Lax left the club at the end of the 1963-64 season and the club directors finally agreed to the abolition of the 5 man selection committee that still picked the starting XI. Full control of team affairs was to be entrusted to a team manager for the first time and Phibsborough local Seán Thomas was given the reigns. Thomas’s talent and the additional authority invested in his role had the desired impact and Bohs finished the following season in 3rd place and saw the emergence of future Irish internationals like Jimmy Conway and Turlough O’Connor.
During his less successful second stay George remained true to his footballing philosophy.

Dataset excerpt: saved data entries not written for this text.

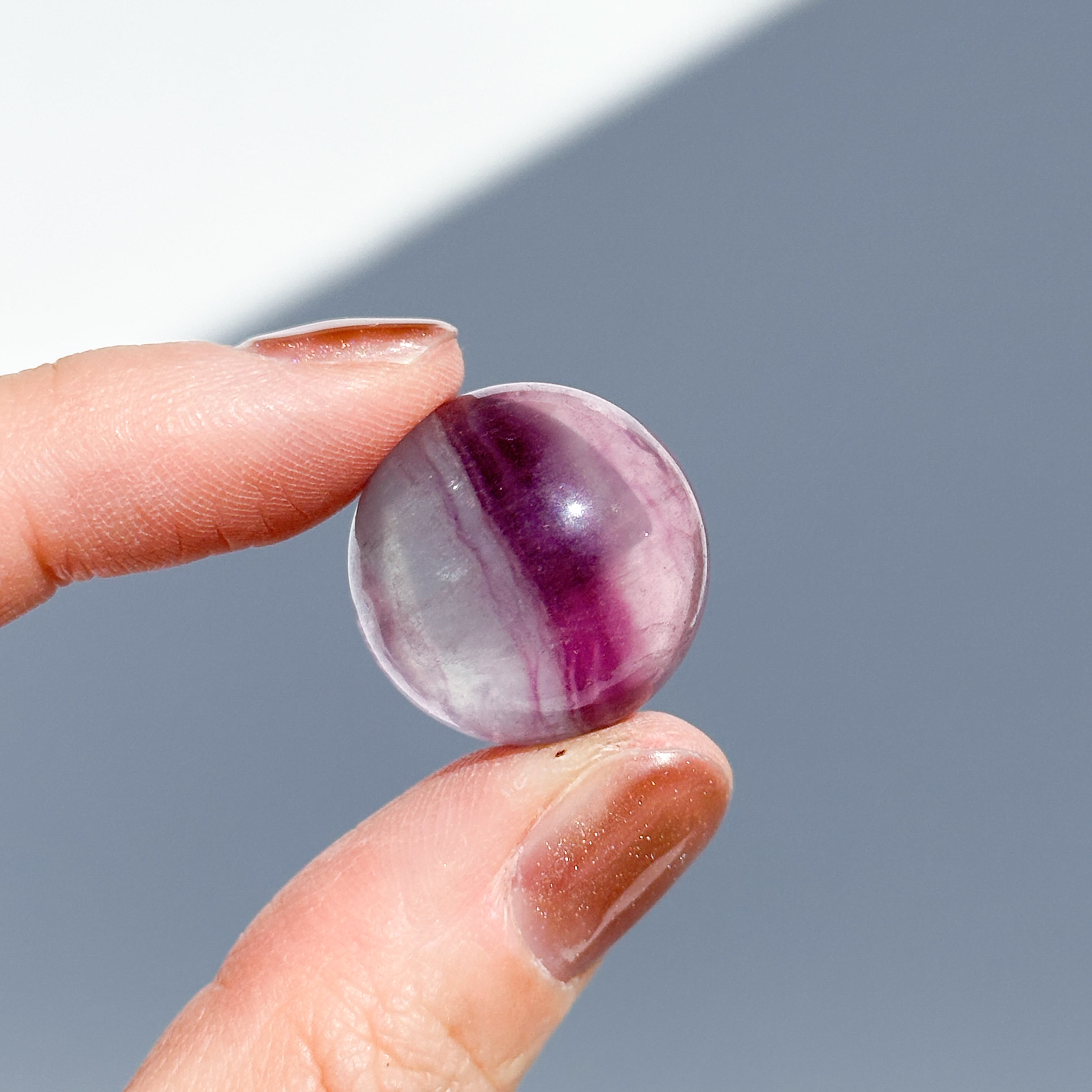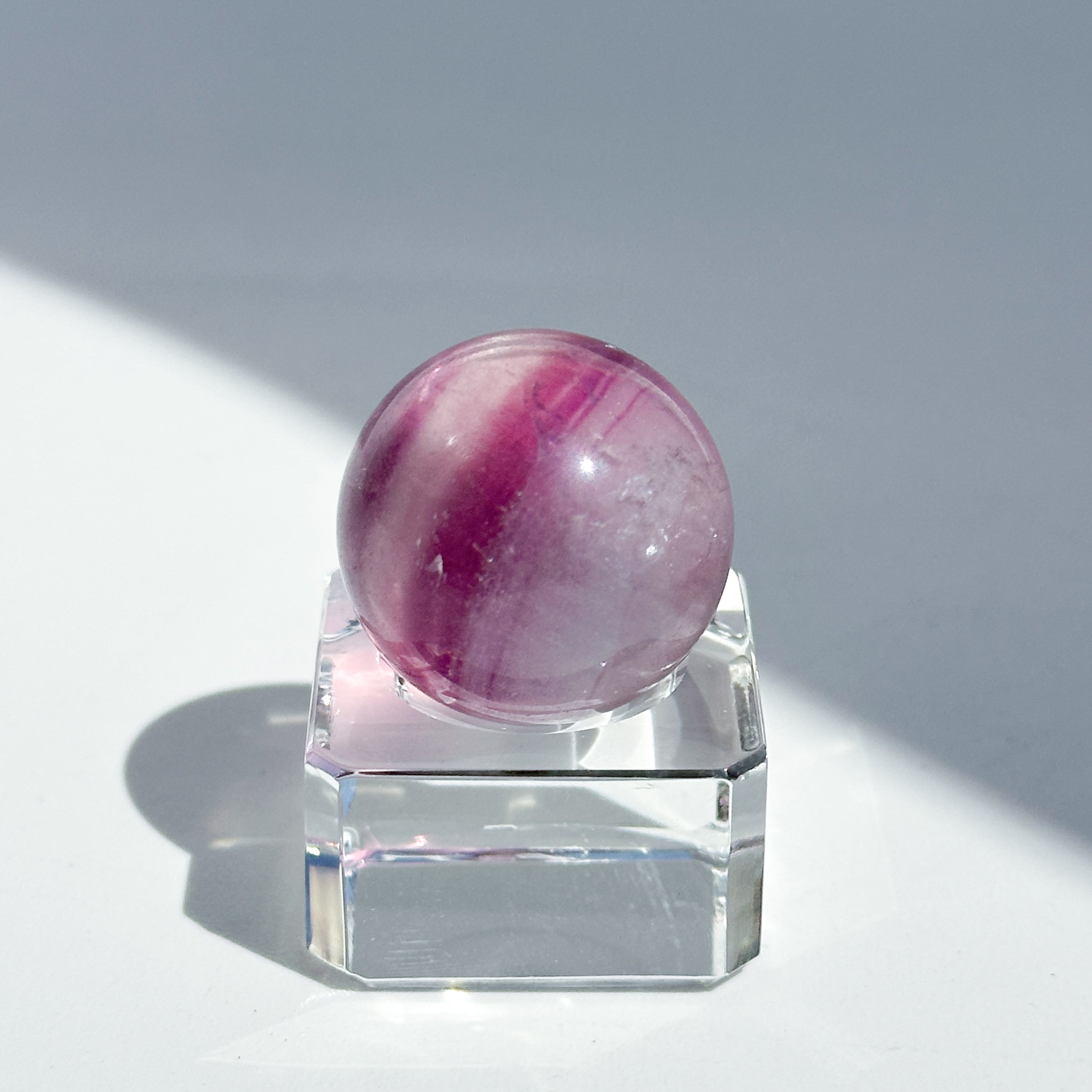 レインボーフローライトは複数のカラー(透明・パープル・ブルー・ピンク・グリーン)が共生し、水面のような曲線の模様を生み出しています。
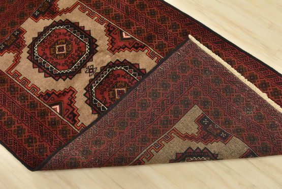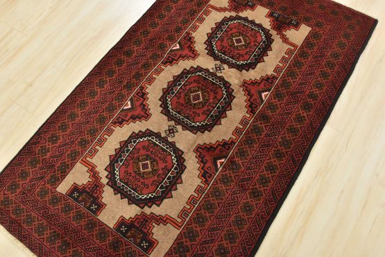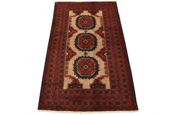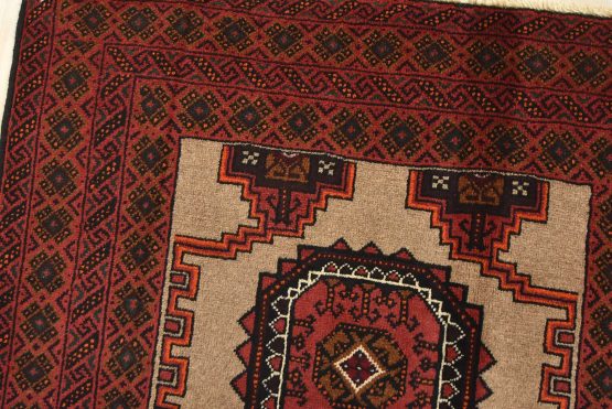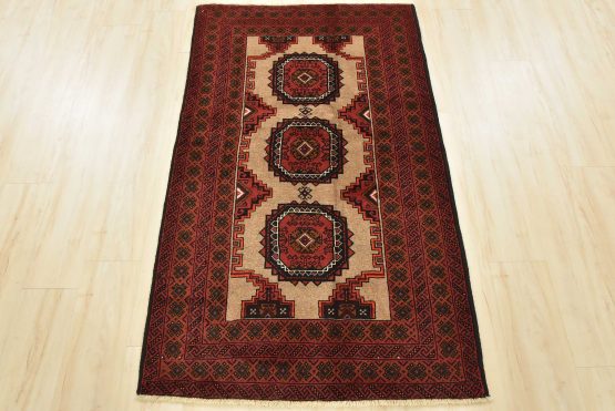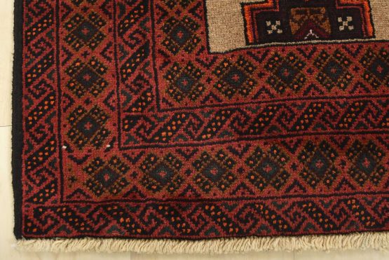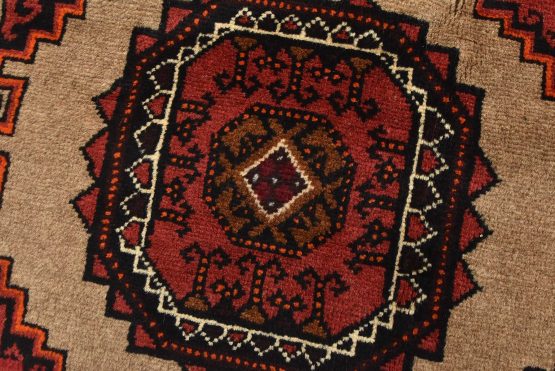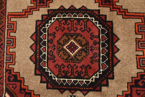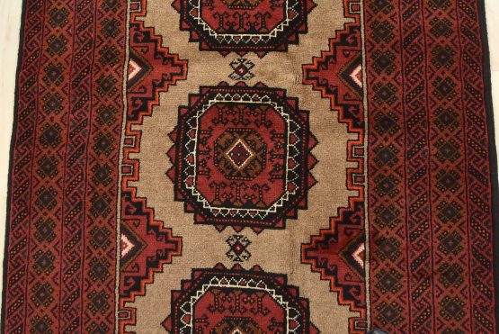 An authentic vintage tribal Baloch rug hand-knotted with fine wool and natural dyes. This nomadic oriental rug features geometric medallions set against a brown background. It has a full wool pile with no worn areas and is in very good condition.
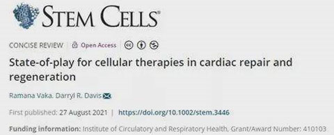 2021 年 8 月 27 日,發(fā)表于 Stem Cells 上的綜述對干細(xì)胞源性心肌細(xì)胞用于心臟修復(fù)和再生研究的最新進展進行了系統(tǒng)總結(jié)。高影響力期刊上的幾項臨床前研究表明,心肌內(nèi)細(xì)胞注射可以改善心肌梗塞后的心臟功能。
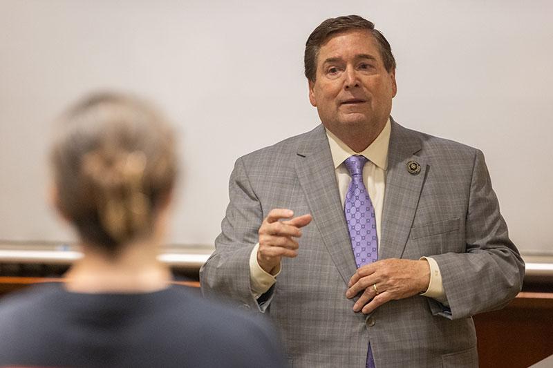 Speaking to Professor of Practice Larry Merington’s Business Capstone class, Nungesser, who has served as lieutenant governor since 2016, began by describing his first venture, General Marine Leasing Co.
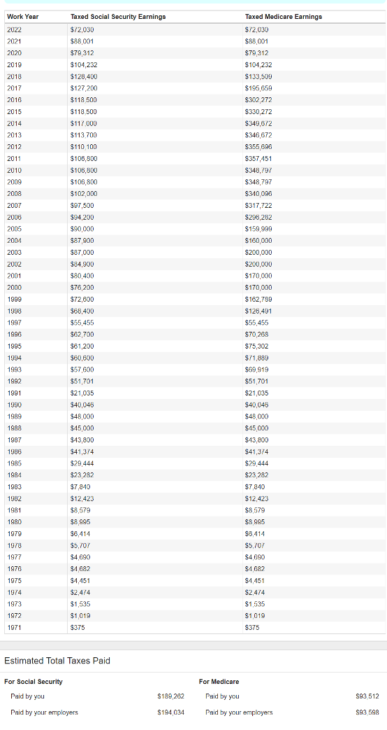 Page 2 of your social security statement includes a table summarizing your earnings history. For a full earnings history report, scroll down on your personal social security account home page.
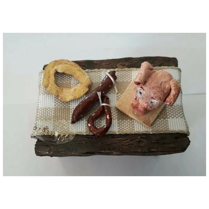 Tavolino in resina apparecchiato con tovaglia beige a quadretti bianco, con salumi e testa maiale realizzati a mano in terracotta dipinta
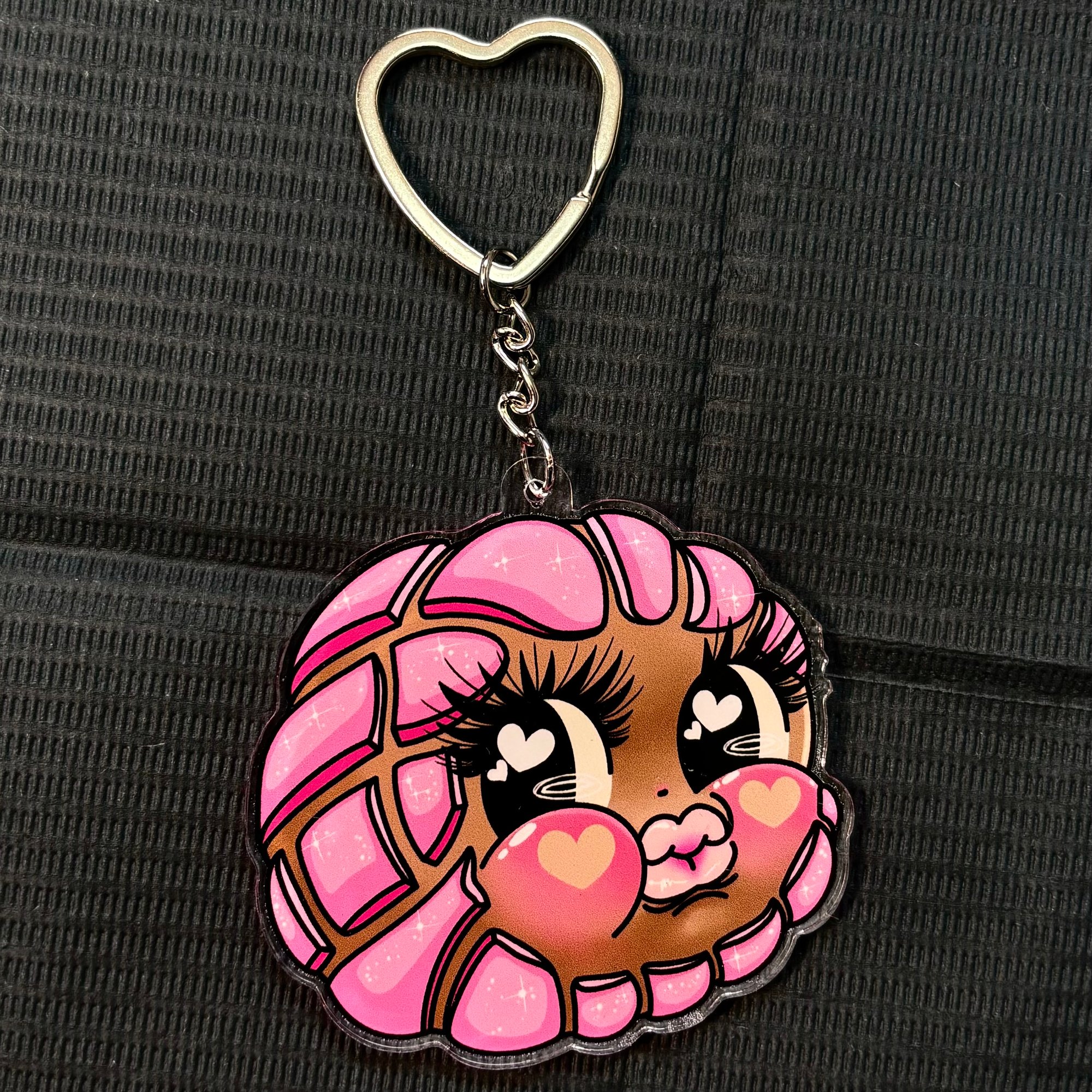 Pink concha kewpie keychain
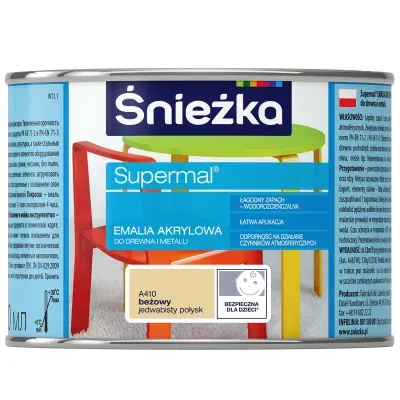 SUPERMAL® Emalia akrylowa przeznaczona jest do dekoracyjno-ochronnego malowania drewna, materiałów drewnopochodnych, tynków oraz elementów stalowych i żeliwnych użytkowanych wewnątrz i na zewnątrz pomieszczeń, takich jak: drzwi, okna, meble itp. Rekomendowana jest do malowania zabawek i elementów wyposażenia placów zabaw.
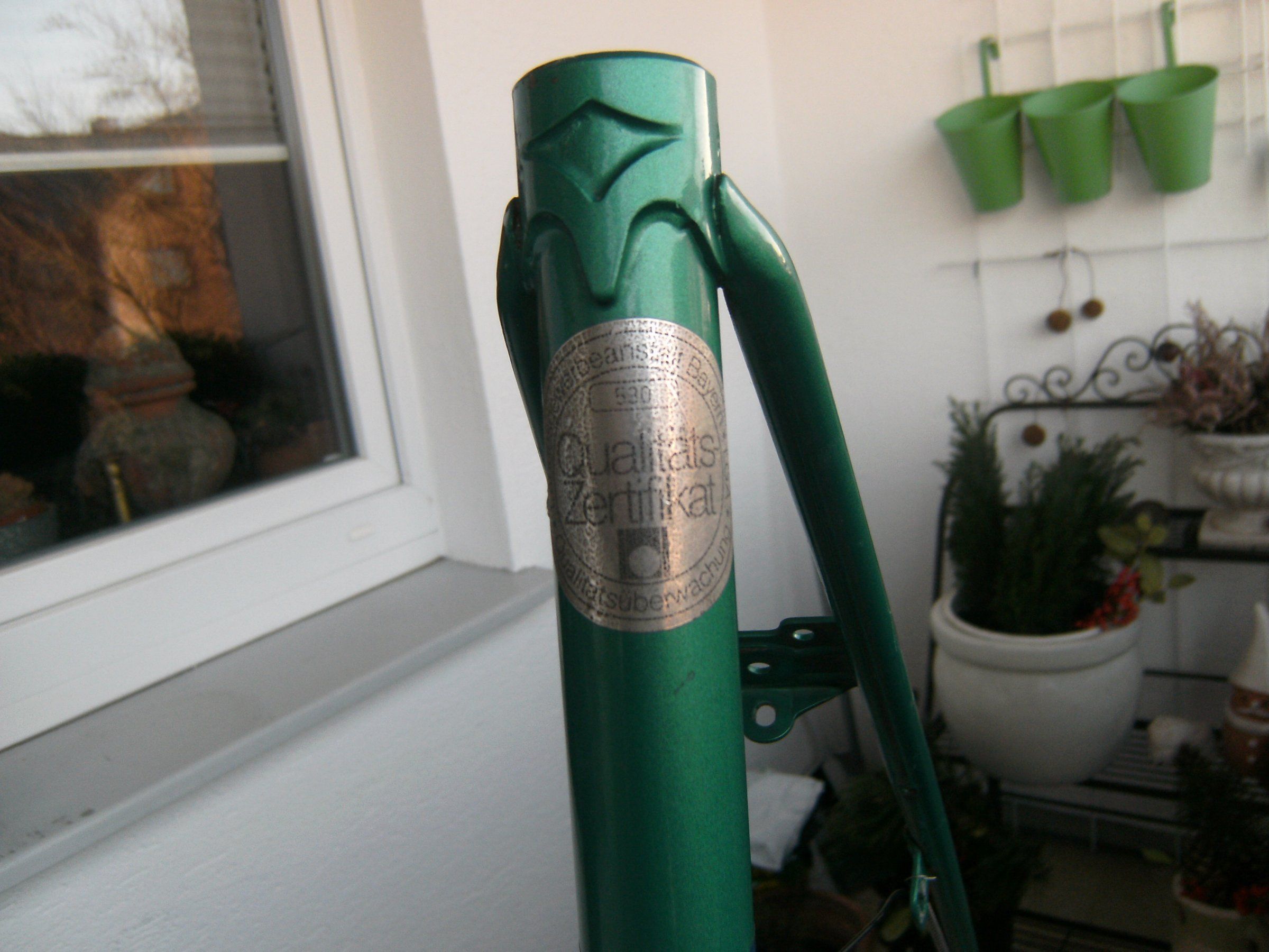 Besteht hier evtl. Interesse an einem Hercules Mixte/Damenradrahmenset aus Mannesmanngeröhr, Typ offensichtlich "Varena", RH 57, in tollem Grün
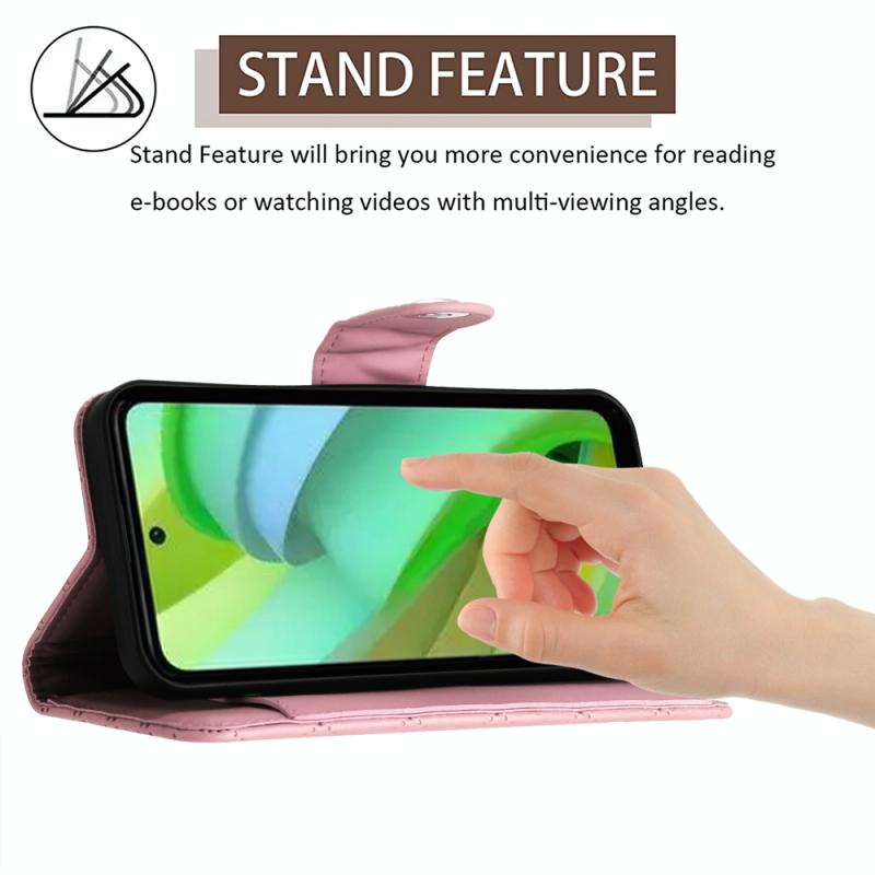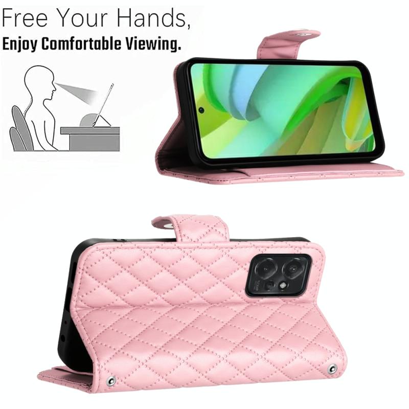 For Motorola Moto G Power 2023 Rhombic Texture Flip Leather Phone Case with Long Lanyard(Pink)
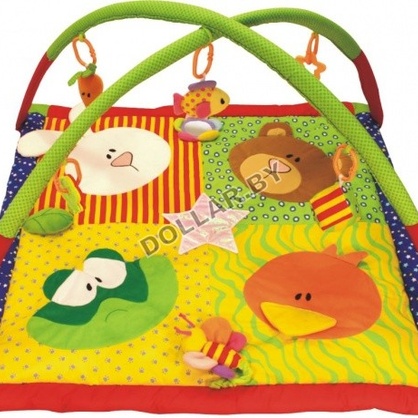 Мягкая, разноцветная ткань с изображениями животных обеспечивает безопасность малыша во время игры. Подвешенные элементы после отсоединения могут быть использованы как отдельные погремушки и мягкие игрушки, а звуковые эффекты способствуют тому, что кроха с интересом познает мир и правильно развивается. Развивающий коврик дает родителям неповторимую возможность наблюдать за развитием ребенка. Коврик идеален для безопасных игр ребенка на полу.
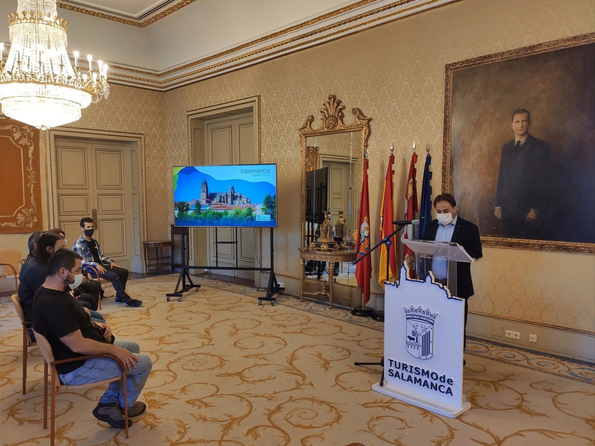 El concejal de Turismo, Fernando Castaño, en la presentación de 'Salamanca dorada, azul y verde' - EUROPA PRESS
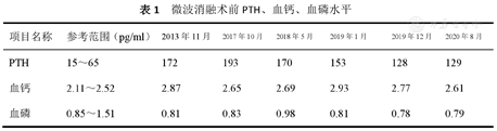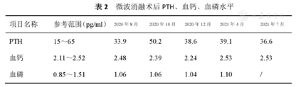 热消融作为一种重要的微创技术,其出现扩大了非手术治疗的选择范围。热消融的基本原理是利用热能诱发甲状旁腺细胞凝固坏死,降低血清PTH和血清钙水平。热消融与传统的外科手术相比具有创伤小、并发症少、住院时间短、重复操作性强等优势[4]。MWA属于热消融的范畴,微波通过电极裸露的针尖接触病变的组织,使靶组织在高温下凝固变性,在肿瘤和继发性甲旁亢的治疗中已有应用,但是用于治疗pHPT的经验国内外还十分有限[5] ,关于微波消融治疗MEN相关原发性甲旁亢更是鲜有报道。本例患者通过微波消融治疗后,甲状旁腺激素、血钙及血磷水平均迅速恢复正常,骨痛症状也迅速得到缓解,随访中患者未出现任何不良并发症。因此对于拒绝手术或存在外科手术禁忌的pHPT患者微波消融可作为备选方案,此病例的成功为MVA治疗MEN相关甲状旁腺亢进提供了宝贵经验。
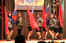Педагоги и сотрудники "Нухрата" выступают на сцене районного Дома культуры.

Unlike his mentor Major Buckley the focus on Lax’s teams was always on trying to play good football even on the boggy winter pitches of the League of Ireland. He told the Evening Herald that “there is no substitute for good football and it only will draw the crowds”. He had a focus on discipline and skill, players were instructed strictly to never argue with the referee, a practice that certainly isn’t a new phenomenon. In training his focus was always on improving touch and ball control, often preferring to organise 5-a-sides with various handicaps such as players only taking two touches or only using their weaker foot so as to build technique. Practices that might now seem commonplace but were certainly ahead of their time for the league in the 1960’s. His commitment to this footballing ideal wasn’t even shaken during times of duress. Commenting after a heavy 6-0 defeat to a strong Drumcondra side Lax rejected the idea that his team should have tried to spoil or play more direct, stating simply “I’ve made it quite clear, I want them to play football all the time”. In many ways despite the struggles of the team in the early 60’s George Lax certainly seemed to try to embody the three golden rules of Bohemian F.C. “never say die, keep the ball on the floor and the best defence is attack”.
After leaving the Bohs George’s services were quickly in demand. He was signed up by St. Patrick’s Athletic to replace Ronnie Whelan Snr but he would spend only a season in Inchicore before quitting. He would later take on a physio role at Dundalk and later at Shelbourne where he was working well into his 60’s. He continued to run a physiotherapy practice in the Phibsboro area and treated many prominent GAA players and other athletes in his private practice.